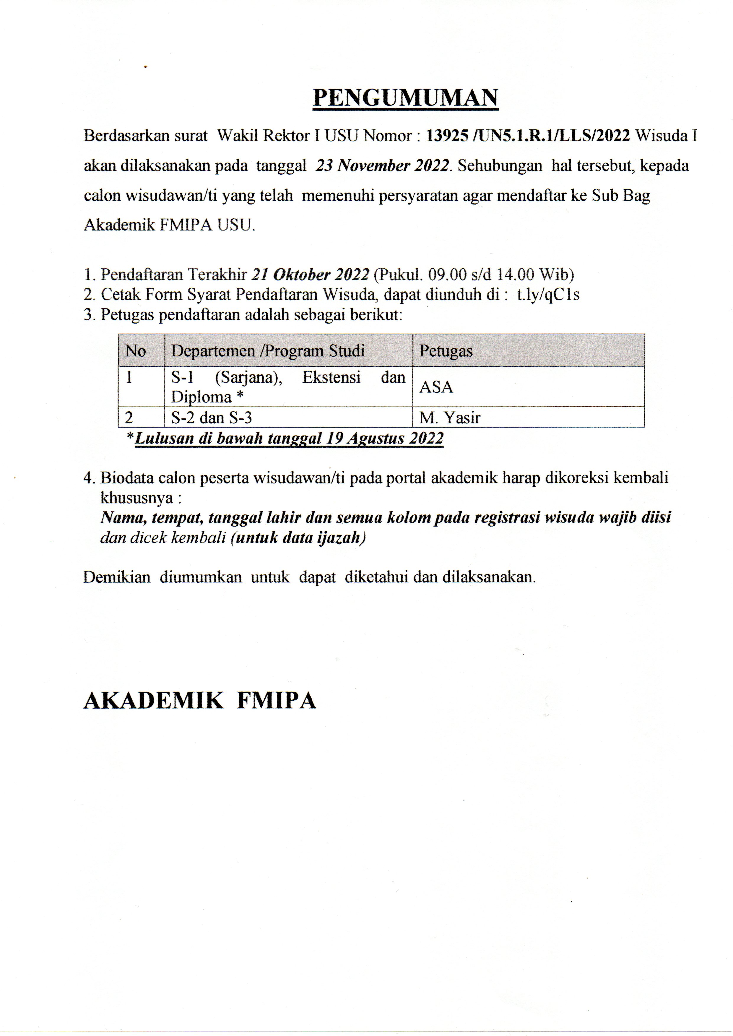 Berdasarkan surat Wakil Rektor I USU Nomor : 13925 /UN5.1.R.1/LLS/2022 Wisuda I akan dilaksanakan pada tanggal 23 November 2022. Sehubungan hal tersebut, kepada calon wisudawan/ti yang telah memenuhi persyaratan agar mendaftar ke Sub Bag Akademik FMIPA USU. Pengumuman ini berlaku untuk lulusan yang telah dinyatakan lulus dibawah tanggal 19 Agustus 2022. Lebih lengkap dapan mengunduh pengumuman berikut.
○ ○ ○ ○
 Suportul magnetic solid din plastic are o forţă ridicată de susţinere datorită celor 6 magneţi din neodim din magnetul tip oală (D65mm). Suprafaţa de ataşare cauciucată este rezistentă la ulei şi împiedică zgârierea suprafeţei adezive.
○ ○ ○ ○
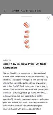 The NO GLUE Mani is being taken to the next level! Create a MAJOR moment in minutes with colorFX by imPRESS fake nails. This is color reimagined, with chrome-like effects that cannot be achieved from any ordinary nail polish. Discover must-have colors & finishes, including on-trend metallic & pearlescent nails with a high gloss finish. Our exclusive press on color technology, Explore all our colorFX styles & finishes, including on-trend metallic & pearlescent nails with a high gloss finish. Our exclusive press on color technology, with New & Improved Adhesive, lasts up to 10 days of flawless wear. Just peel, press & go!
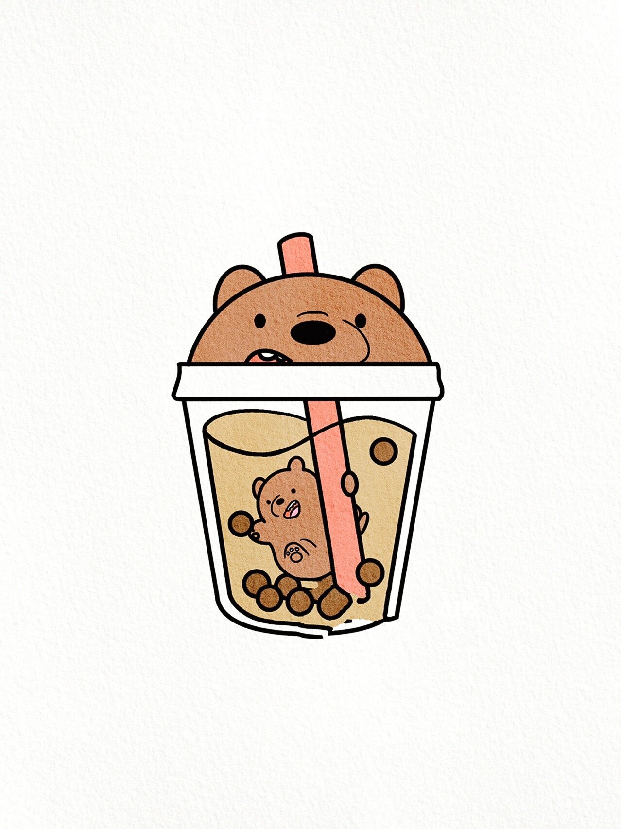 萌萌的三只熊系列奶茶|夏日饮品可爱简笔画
○ ○ ○ ○
Task prompt - Copy exactly the lines of the entries above from the one containing "The NO GLUE" through the one containing "萌萌的三只熊系列奶茶|夏日饮品可爱简笔画". Both end lines count; pictures do not.

Answer to the exercise -
 The NO GLUE Mani is being taken to the next level! Create a MAJOR moment in minutes with colorFX by imPRESS fake nails. This is color reimagined, with chrome-like effects that cannot be achieved from any ordinary nail polish. Discover must-have colors & finishes, including on-trend metallic & pearlescent nails with a high gloss finish. Our exclusive press on color technology, Explore all our colorFX styles & finishes, including on-trend metallic & pearlescent nails with a high gloss finish. Our exclusive press on color technology, with New & Improved Adhesive, lasts up to 10 days of flawless wear. Just peel, press & go!
 萌萌的三只熊系列奶茶|夏日饮品可爱简笔画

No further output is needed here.